L’Allemagne reconnaît l’existence d’un « troisième sexe »
L’Allemagne reconnaît l’existence d’un « troisième sexe »
Par Thomas Wieder (Berlin, correspondant)
Le Tribunal constitutionnel a décidé que les catégories « masculin », « féminin » et « divers » figureront sur les documents administratifs.
Au Tribunal constitutionnel de Karlsruhe, en juin. / SEBASTIAN GOLLNOW / AFP
Aux catégories « masculin » et « féminin » s’en ajoutera bientôt une troisième – « divers » – sur les certificats de naissance en Allemagne, où le Bundestag a adopté un projet de loi, jeudi 13 décembre, reconnaissant l’existence d’un « troisième sexe ».
L’adoption de ce texte est la conséquence d’une décision du Tribunal constitutionnel de Karlsruhe. Le 8 novembre 2017, les juges constitutionnels allemands avaient exigé des députés qu’ils modifient d’ici fin 2018 la législation en vigueur, après avoir été saisis du cas d’une personne déclarée comme fille à la naissance mais frappée d’une affection génétique rare caractérisée par la présence du seul chromosome X à la place de la paire habituelle des chromosomes sexuels (XX pour les filles, XY pour les garçons).
Cette personne, prénommée Vanja et née en 1989, avait saisi le tribunal de Karlsruhe afin que soit clairement reconnue l’existence d’un « troisième sexe ». Depuis 2013, il était déjà possible en Allemagne ne plus remplir nécessairement la case correspondant au sexe sur les documents administratifs. Une évolution jugée toutefois insuffisante par plusieurs associations. Un intense débat s’était ouvert outre-Rhin, certains estimant que, plutôt que cette indétermination, un choix clair devait être fait entre deux options : soit l’abolition de toute référence au sexe sur les documents administratifs, soit la création d’une troisième case, destinée aux personnes intersexes.
« Expertises avilissantes »
C’est donc cette option qui l’a emporté, même si la mention « sans réponse » reste possible. Reste que le texte adopté jeudi sur proposition du gouvernement de « grande coalition » d’Angela Merkel ne satisfait pas pleinement les avocats de la reconnaissance d’une « troisième option ». Au sein des groupes libéraux, écologistes et Die Linke, mais aussi parmi les sociaux-démocrates membres de la coalition de Mme Merkel, des voix se sont élevées pour regretter le fait qu’une attestation médicale soit nécessaire pour acter un changement de sexe.

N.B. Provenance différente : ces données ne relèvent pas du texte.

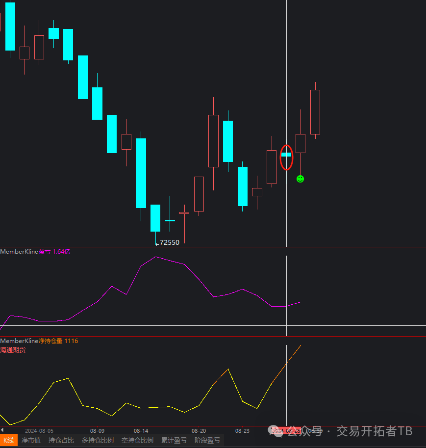再看【管财指标】,这个指标是通过2根K线找趋势的逻辑写的。这个指标最近一次多单买入点是前天,昨天和今天都是收阳线,用2K线的逻辑去做的话,那么现在可以设好保本,跟踪趋势了。具体的用法参考我这篇文章《方法论 | 趋势交易法之第二根K线策略》

Cette disposition prévue par le texte est aussi critiquée par l’Association allemande des gays et lesbiennes (LSVD), qui souhaite que soient « abolies les expertises avilissantes et pathologisantes », et réclame au contraire que la catégorie « divers » puisse être choisie par des personnes « qui en ont besoin et le veulent ».
Malgré cette limite, l’Allemagne se place toutefois, avec la loi adoptée jeudi, à l’avant-garde des pays européens concernant la reconnaissance d’un « troisième sexe ». En France, toute personne doit être rattachée dans les cinq jours suivants la naissance à l’un des deux sexes, masculin ou féminin.
En 2017, la Cour de cassation avait rejeté la demande d’une personne née sans pénis ni vagin puisse inscrire la mention sexe neutre sur son état civil. Pour la Cour de cassation, la « dualité » des sexes dans les actes de l’état civil « poursuit un but légitime en ce qu’elle est nécessaire à l’organisation sociale et juridique », dont elle constitue « un élément fondateur ». La reconnaissance par le juge d’un « sexe neutre » aurait « des répercussions profondes sur les règles du droit français » et impliquerait « de nombreuses modifications législatives », avait alors estimé la plus haute juridiction française.